[What is needed]:
With pictures excluded, output exactly the lines that run from the first line of the data below through the line containing "Баотоу новые тканые".

[Records supplied]:
************

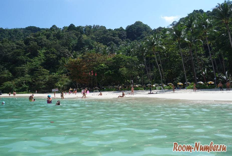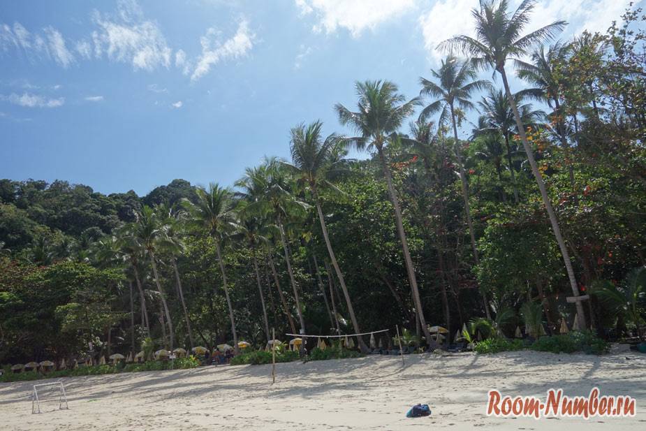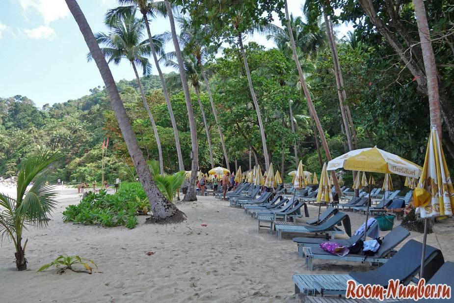 Тень на пляже есть только утром. В полдень тень уже отсутствует. Свои зонтики ставить строго запрещено. Можно арендовать лежаки с зонтиками под пальмами. Шезлонги в стоимость входа не включены и оплачиваются отдельно — 100 бат за лежак. Активнее мажьтесь кремом от солнца и не пренебрегайте головными уборами.
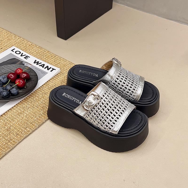 Баотоу новые тканые шлепанцы с одним педалем 2025 Баотоу полушлепанцы на толстой подошве полые маффины ретро крутые шлепанцы женские
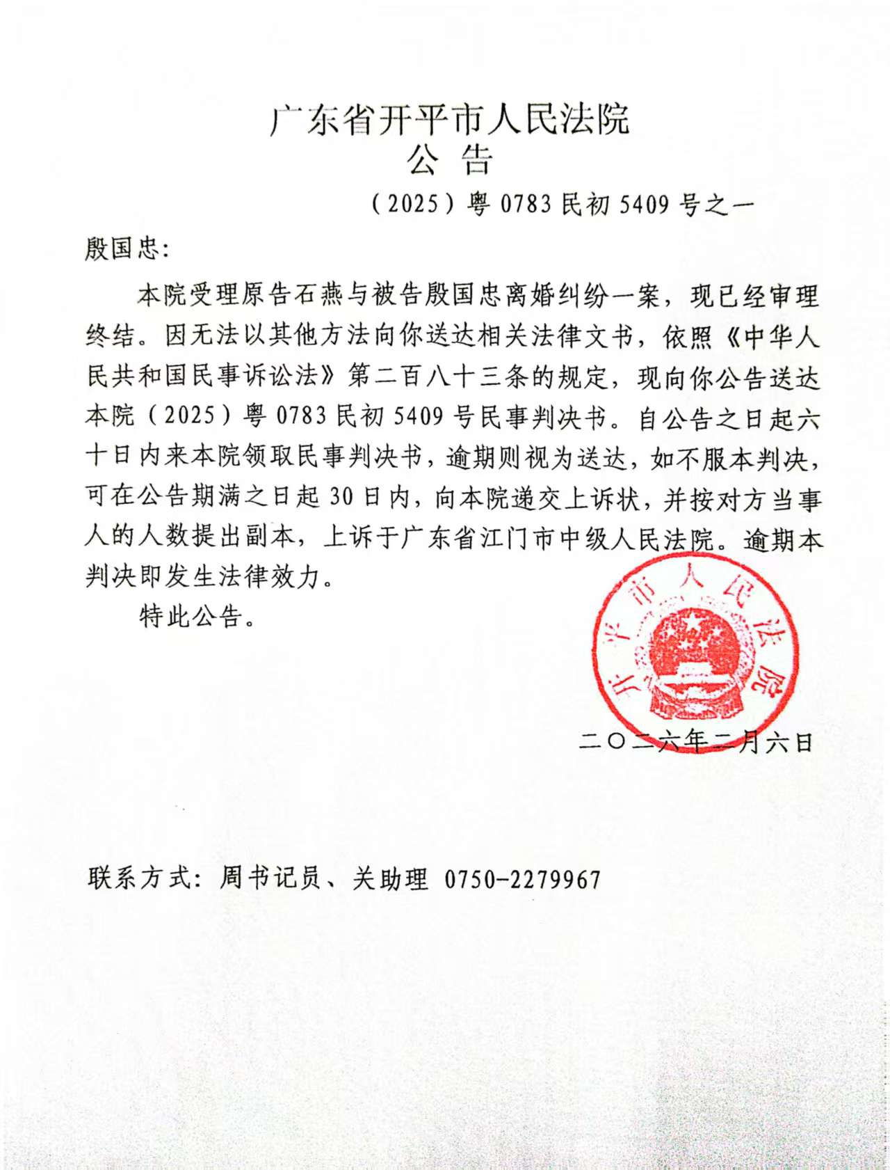 (2025)粤0783民初5409号之一殷国忠判决公告.pdf
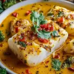 7. Sauce darüber geben: Gieße die Kokosnuss-Curry-Sauce über die Kabeljaufilets, sodass sie vollständig bedeckt sind.
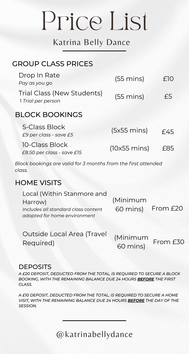 Join our dynamic and welcoming group belly dance classes, conveniently located in the Harrow area. Whether you're a complete beginner or an experienced dancer, our classes are designed to build your technique, boost your confidence and enhance your fitness in a fun, supportive environment.

************

[Answer]:
 Тень на пляже есть только утром. В полдень тень уже отсутствует. Свои зонтики ставить строго запрещено. Можно арендовать лежаки с зонтиками под пальмами. Шезлонги в стоимость входа не включены и оплачиваются отдельно — 100 бат за лежак. Активнее мажьтесь кремом от солнца и не пренебрегайте головными уборами.
 Баотоу новые тканые шлепанцы с одним педалем 2025 Баотоу полушлепанцы на толстой подошве полые маффины ретро крутые шлепанцы женские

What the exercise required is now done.